Sampling error and noise

The reason we’re split testing is to help us pick the true winner” (highest-performing subject line) from the 10 iterations we began with 

In statistics, there is a concept called “sampling error”, which is an error caused by observing a sample (the split tests) instead of observing the whole population.  

For example, consider one of our 9 subject lines with a 15% open rate. In our imaginary situation, each of our split test groups is made up of 6,000 people ((200,000×0.3)/10). In theory – based on our 15% open rate – exactly 900 people from each group should open the email. In practice, however, the actual number of opens generated varies in almost all cases.

Maybe 873 people will open, or maybe 926. This is partly due to sampling error: our larger test group are randomly assigned to smaller split test groups, with some groups randomly getting more “openers” (folks who are more likely to open a marketing email for whatever reason). There are other sources of *noise* as well. For example, perhaps one subscriber clicked on an email by mistake, while another didn’t sleep well the night before, causing them to not open an email they normally would have.  

The real world is messy. 
 

Let’s take a look at an example. In the following graphs, we’ve “simulated” an email subject line split test. The top graph indicates the actual open rates. On the bottom, the results from an actual split test experiment can be seen. 

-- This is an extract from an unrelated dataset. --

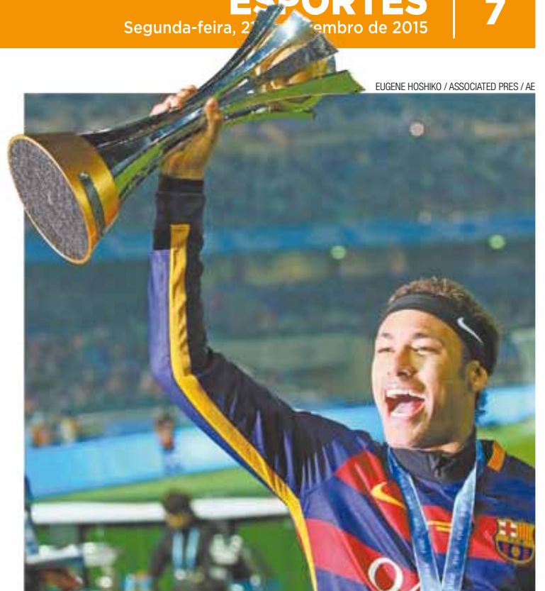
Vitorioso - Neymar disse que vive um dos melhores momentos da vida

As you can see above, the best-performing email subject line did indeed have the highest open rate in this case, but in the actual split test data there is quite a bit of variation among all the other lines. This is due to the sampling error and noise” we’ve just discussed 

It is important to keep the following in mind: sometimes split test can give us the wrong result.

The probability of a split test selecting the subject line which will actually perform best when sent to a larger audience depends on a number of factors: 

  1. The baseline open rate (in our case ~15%). Rarer events tend to be noisier. The higher the baseline, the cleaner the split test data.
  2. The difference between the open rate of the “winning” subject line and the other subject lines used in the split test (in our case a 10% difference). Smaller variances are harder to detect. The bigger the variance between our “winning” subject line and the other subject lines used in the test, the cleaner the split test data.
  3. The size of the split test groups. Using bigger groups provides a more robust sample size and gives us more confidence in the results of our split test.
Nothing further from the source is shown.